The need for an epistemological change in economics

Traditional epistemological theories have fostered an endless debate on dichotomies characterized by forms of objectivism, on the one hand, and forms of relativism/skepticism on the other. Currently, among the deep global social and cultural challenges, the crisis in epistemology is characterized by a radical questioning of the whole matrix within which such dichotomies have been drawn.

Taking into account the evolution of Economics as a science, the need for a deep epistemological change has already been pointed out by outstanding economists.  Joseph Schumpeter, for example, rejected the kind of economic thought that mainly favours deductive methods of inquiry – based on mathematical reasoning- because this habit generates analytically unrealistic results that are irrelevant for solving real-world economic problems. Also John Maynard Keynes warned that the understanding of economic phenomena demands not only purely deductive reasoning, but also other methods of inquiry along with the study of other fields of knowledge such as History and Philosophy. Today, Schumpeter’s and Keynes’ criticisms could certainly be levelled at those economists whose beliefs ultimately privilege the adoption of a nominalist bias. This is because, in that approach, the dialogue between the economic theories the economic reality turns out to be abandoned not only in academic research but also in the policy making process.

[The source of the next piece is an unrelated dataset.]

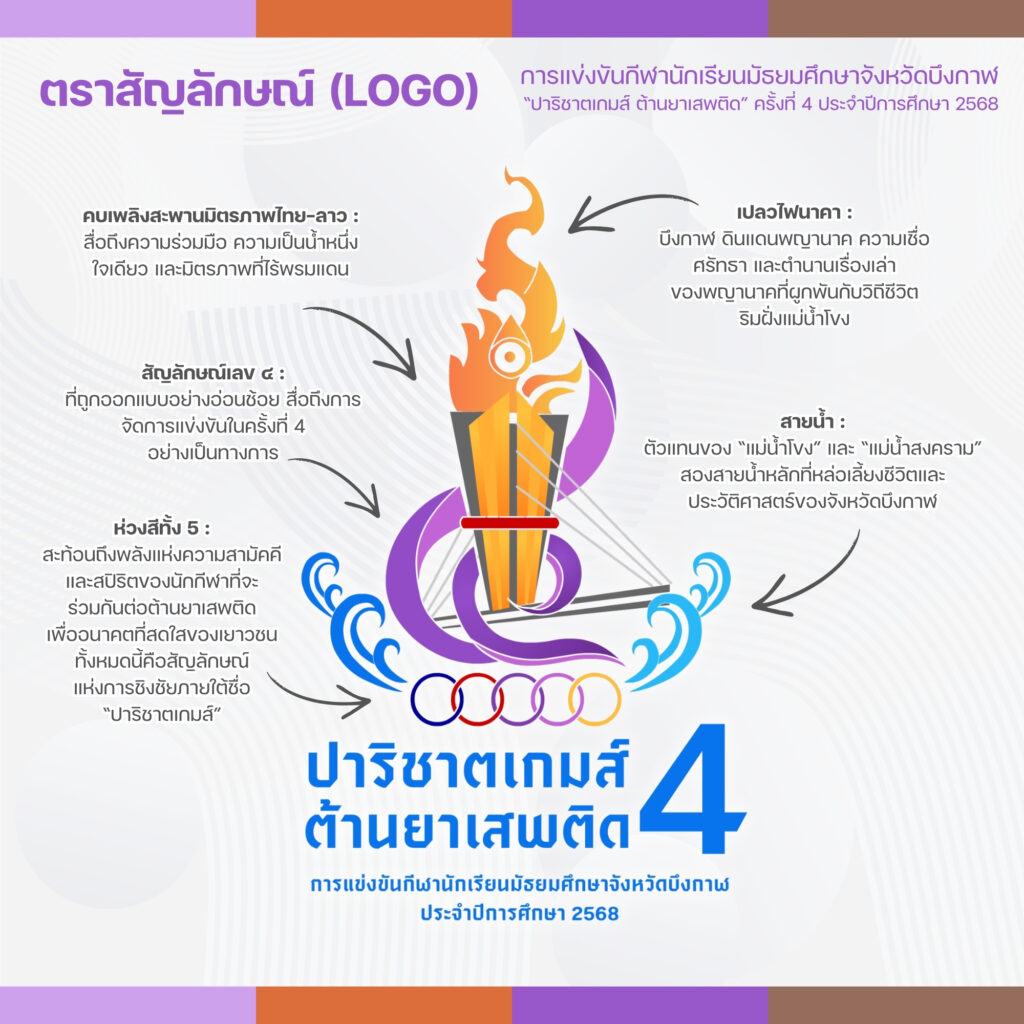 ตราสัญลักษณ์การแข่งขันกีฬานักเรียนมัธยมศึกษาจังหวัดบึงกาฬ “ปาริชาตเกมส์” ครั้งที่ 4 โดยโรงเรียนเซกาเป็นเจ้าภาพ ใช้แนวคิดการออกแบบและแรงบันดาลใจจากอัตลักษณ์ และแหล่งท่องเที่ยวสำคัญของจังหวัดบึงกาฬ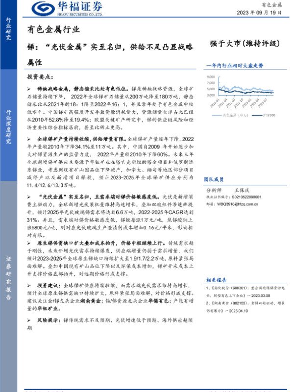 【华福证券】【20230919】锑:“光伏金属”实至名归,供给不足凸显战略属性-30页 行业研究

Considering this background, the shift to Complexity in economic thinking can contribute to substantive epistemological insights in order both to face the contemporary theoretical and methodological challenges and to reject the Cartesian theorization of knowledge under an anthropocentric foundational model of rationality, complete order and truth.

The disembedded human subject of Neoclassical economics

As Edward Fullbrook highlights in his recent book Narrative Fixation in Economics, the Cartesian view of human reality has deeply shaped the way Neoclassical Economics theorizes about the economic and social existence (2016, p. 45). Indeed, while emphasizing the relevance of the pure thought of a disembedded human subject, Neoclassical Economics has reinforced the relevance of the Cartesian method of inquiry that moved the so called scientific (true) knowledge out of the general flux of experience.

Descartes reinforced the analytical-synthetic process of reasoning. Following the deductive method of pure inquiry, human knowledge grows through a rigorous chain of ideas. As a consequence, new thoughts arise while the human subject applies deductive reasoning so as to create a chain of ideas that links the most simple to the most complex ones. In this attempt, true knowledge can be obtained. The Cartesian method represents an attempt to extend the mathematical method of inquiry to all of human knowledge in the form of the mathesis universalis.

In the second part of the Discourse of Method, Descartes presented some principles that should be followed in order to acquire knowledge: 1) human beings cannot  admit any ideas that are not absolutely clear; 2) human beings must divide each problem in so many parts as appropriate for its best resolution; 3) human beings should apply deductive reasoning to organize their  thoughts from the simplest to the most complex ones 4) the analytical-synthetic process of reasoning leads to true knowledge.

According to Descartes, the first principle of his method focuses the importance of “never accepting something as true that I clearly don’t know as such” (Discourse of Method, Part II). Indeed, Descartes was inspired by Geometry as a model of Science. As a result, he considered the postulates of Geometry not only as universal and necessary but also as clear and distinctive ideas related to intellectual intuition. Only these clear and distinctive ideas are considered to be the pillars of true knowledge.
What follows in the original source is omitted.